Now the much anticipated news has been delivered. We have a National Planning Framework and a ten year Capital Plan with over €115 billion to be invested. Some highlights include:
These are big projects and will take time to deliver. So it’s important that the government gets activity underway now. Careful planning is required to make sure the most appropriate methods of delivery are chosen. This involves analysis in accordance with the Public Spending Code. Some projects will be more appropriate for direct government funding while others can be structured to attract private finance. Procurement will also be important. There are specific and stringent procedures that have to be followed but planned well, these can be navigated efficiently and work to the advantage of the relevant authority and the project.

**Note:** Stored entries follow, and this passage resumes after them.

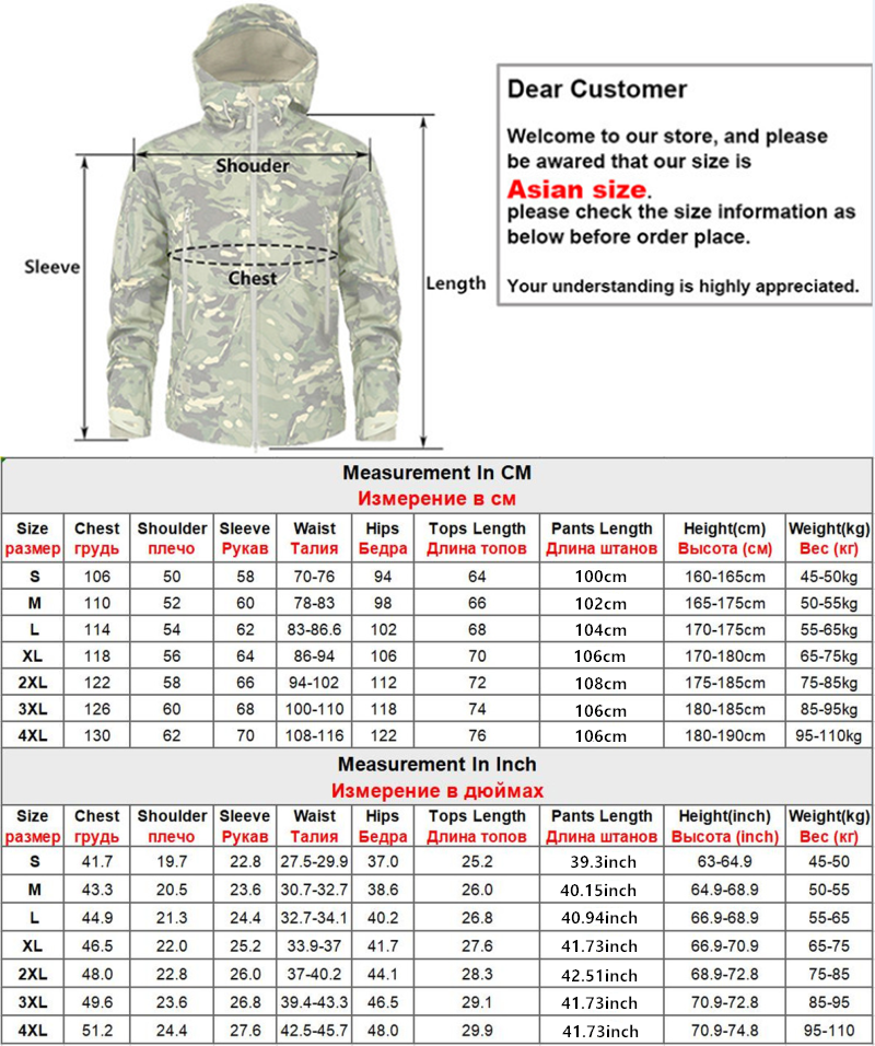 1 куртка или 1 штаныОпишите размер продукта, включая различные размеры разных SKUs. Если вы не уверены в своем размере. Вы можете сообщить нам свой рост и вес (вес в килограммах и рост в сантиметрах).
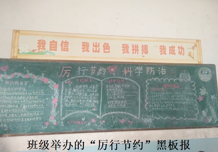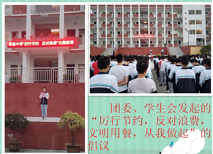 二是草盘中学团委和学生会联合在学生中发出“厉行节约,反对浪费,文明用餐,从我做起”的倡议,倡议全体学生在食堂就餐时,少取多跑,量力就餐,做到不浪费粮食。各班还积极举办“厉行节约”主题的黑板报,将节约粮食的思想牢记在心,并付之于行动。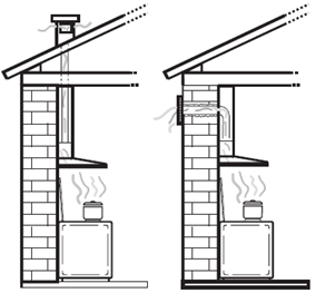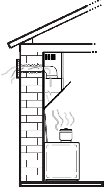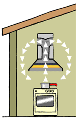 | Jest to najbardziej wydajny system, opary odprowadzane są kanałem prowadzącym na zewnątrz. Ponieważ system ten usuwa powietrze z pomieszczenia, konieczny jest dopływ świeżego powietrza do pomieszczenia. Tłuszcz i opary są najpierw oczyszczane przez filtr przeciwtłuszczowy, a następnie odprowadzane kanałem bezpośrednio na zewnątrz. |  |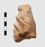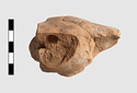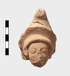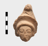 | Description: | Head of archaic terracotta figurine. Badly worn. Hair had 3 rows of curls. High stephane behind which pointed cap. Reddish clay. | |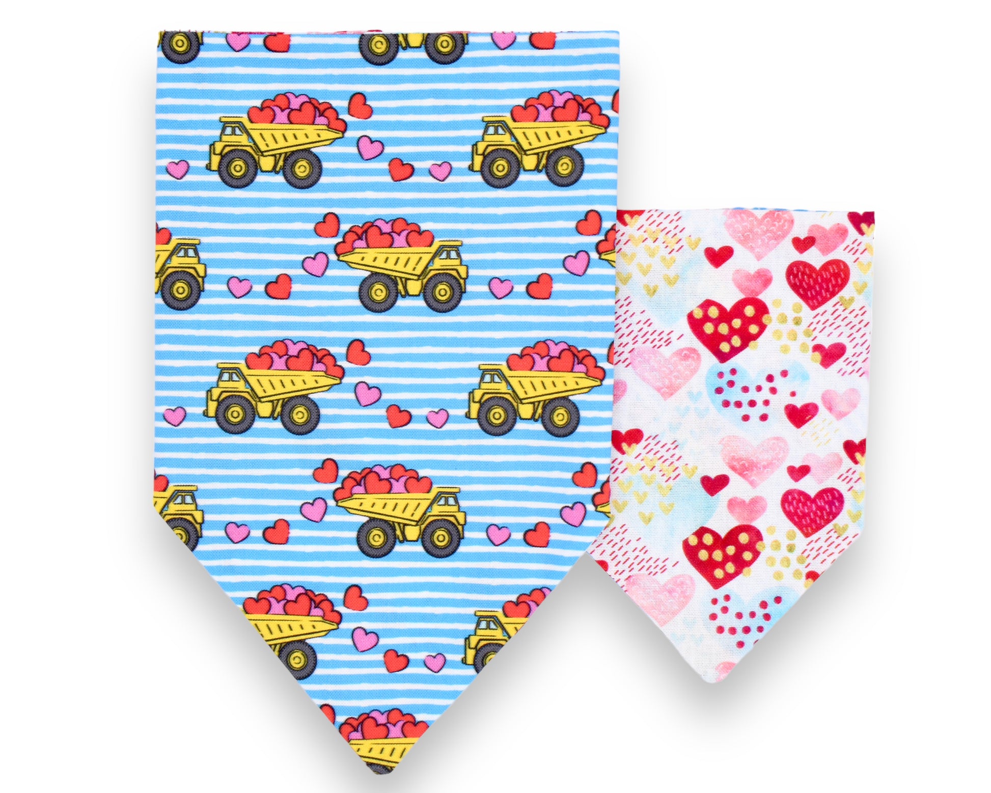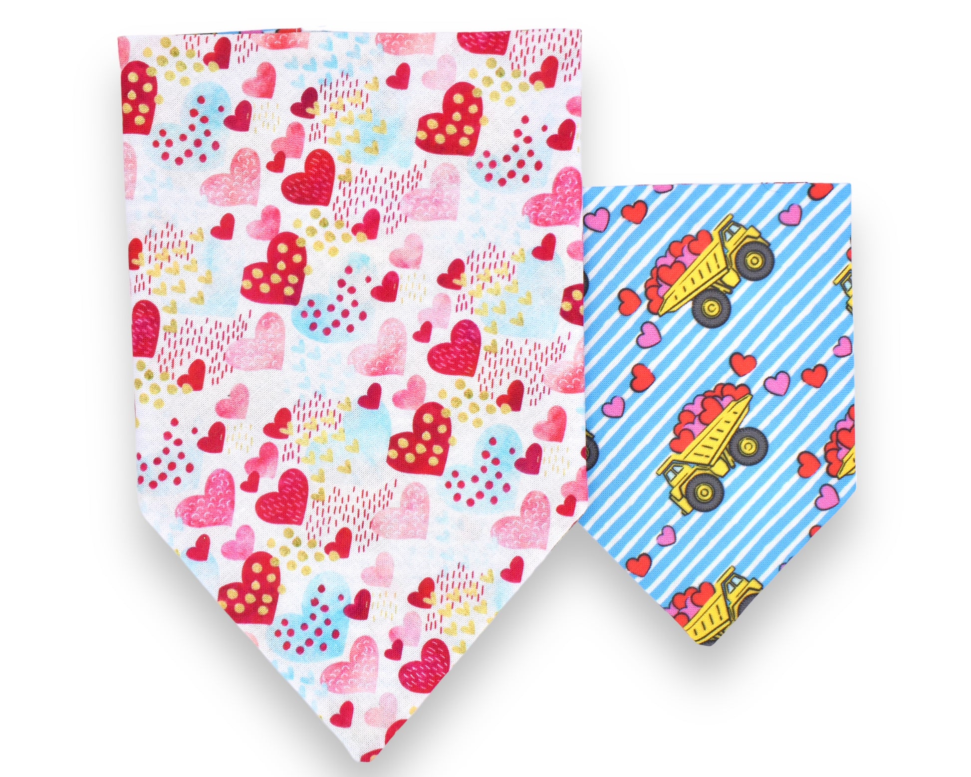 This style is dual-sided with a collar or theme-coordinated pattern on the reverse side, offering a two-for-one style option! This style can be worn by slipping your pet’s collar through the openings at the top of the bandana, and then clipping the collar around your pet’s neck. This style requires a collar for wear.

These projects cost a lot of money and need appropriate oversight and governance to be delivered efficiently and within timeframes. Project teams and decision makers with delegated responsibility should have the autonomy but also the accountability to get on with the job without too much obstruction. Delivery authorities should also be thinking beyond the construction to the operation of the infrastructure asset. This means they should appraise and plan for the long term operation and governance of assets that are likely to last well over 30 years. The evolution of technology should also be considered when planning these projects. For example, autonomous vehicles may not be a reality on our roads now but they are likely to be in 10, 15, 20 years’ time. What does this mean for the size of our roads, car parking, the need to work from an office etc.?
This announcement is positive for Ireland. Finally - a plan to help stimulate and sustain economic growth and social development. But the hard work has only begun. Time to roll up the sleeves and get it done!